=== INFORMATION SUPPLIED ===
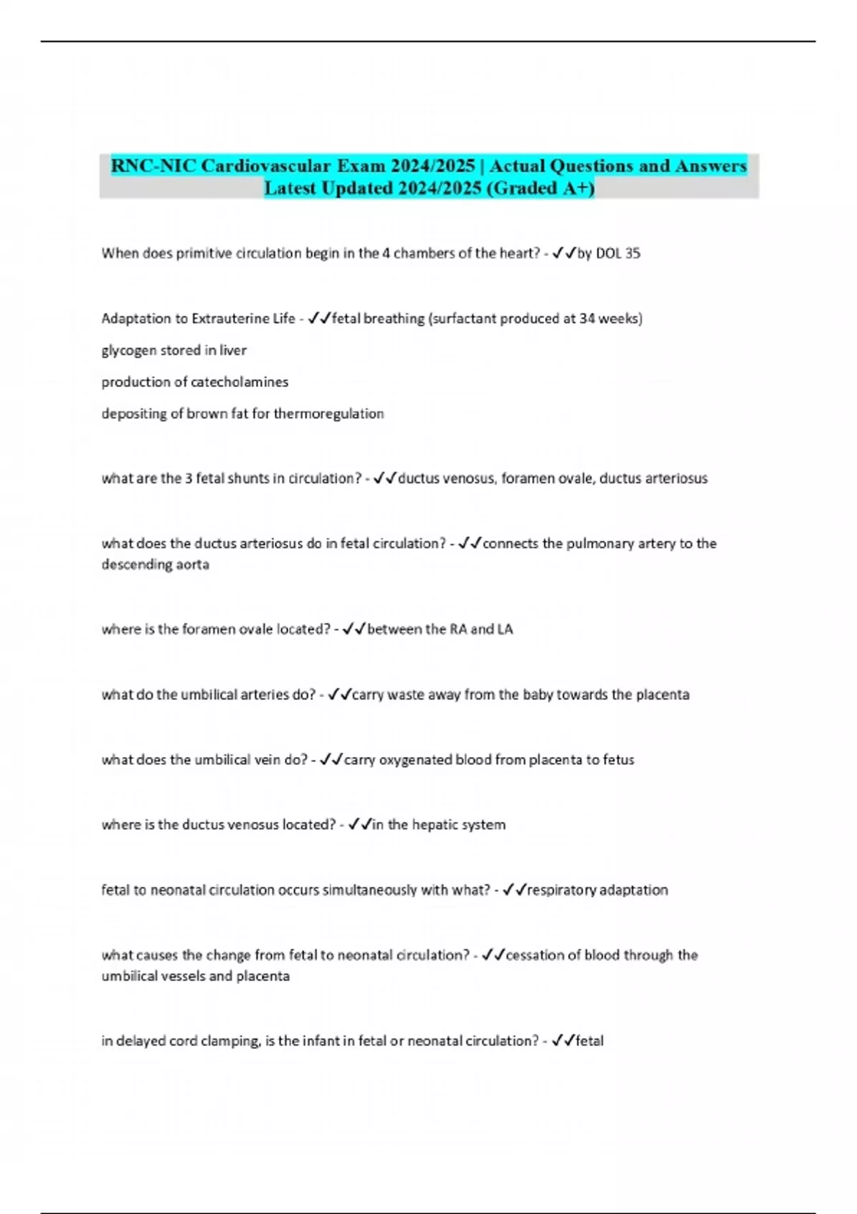 RNC-NIC Cardiovascular Exam 2024/2025 | Actual Questions and Answers
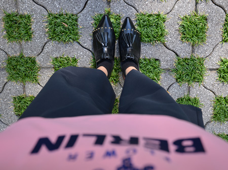 パンツでもスカートでも合わせやすく、何よりヒールないシューズなのに足を綺麗に見せてくれるところに感動してオーダーしました^^
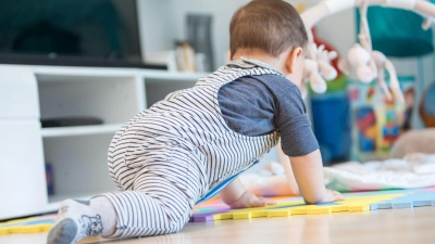 Krabbelkinder stecken sich gern alles in den Mund - und kommen beim Spielen auf dem Boden schnell mit Staub in Berührung. Warum das ungesund sein kann - und was Eltern tun können.
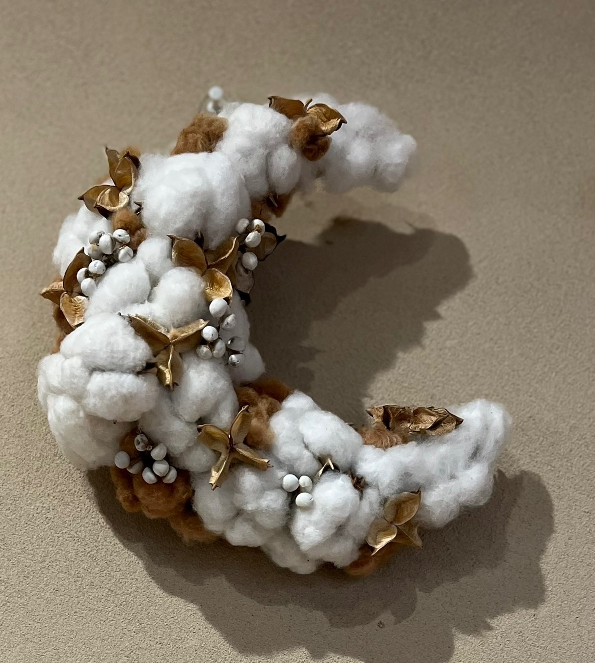 ふわふわの綿花と白のナンキンハゼで雪を表現した三日月リース「雪月花」・・・お花のMoeさんによる製作&ネーミングです。教室玄関に本日から飾っています。明日は佐賀も雪予報。いつも季節感にあふれた作品をありがとうございます。

=== WHAT YOU ARE ASKED TO DO ===
Once the pictures are set aside, restate the remaining data above exactly.

=== SOLUTION TO THE PROBLEM ===
 RNC-NIC Cardiovascular Exam 2024/2025 | Actual Questions and Answers
 パンツでもスカートでも合わせやすく、何よりヒールないシューズなのに足を綺麗に見せてくれるところに感動してオーダーしました^^
 Krabbelkinder stecken sich gern alles in den Mund - und kommen beim Spielen auf dem Boden schnell mit Staub in Berührung. Warum das ungesund sein kann - und was Eltern tun können.
 ふわふわの綿花と白のナンキンハゼで雪を表現した三日月リース「雪月花」・・・お花のMoeさんによる製作&ネーミングです。教室玄関に本日から飾っています。明日は佐賀も雪予報。いつも季節感にあふれた作品をありがとうございます。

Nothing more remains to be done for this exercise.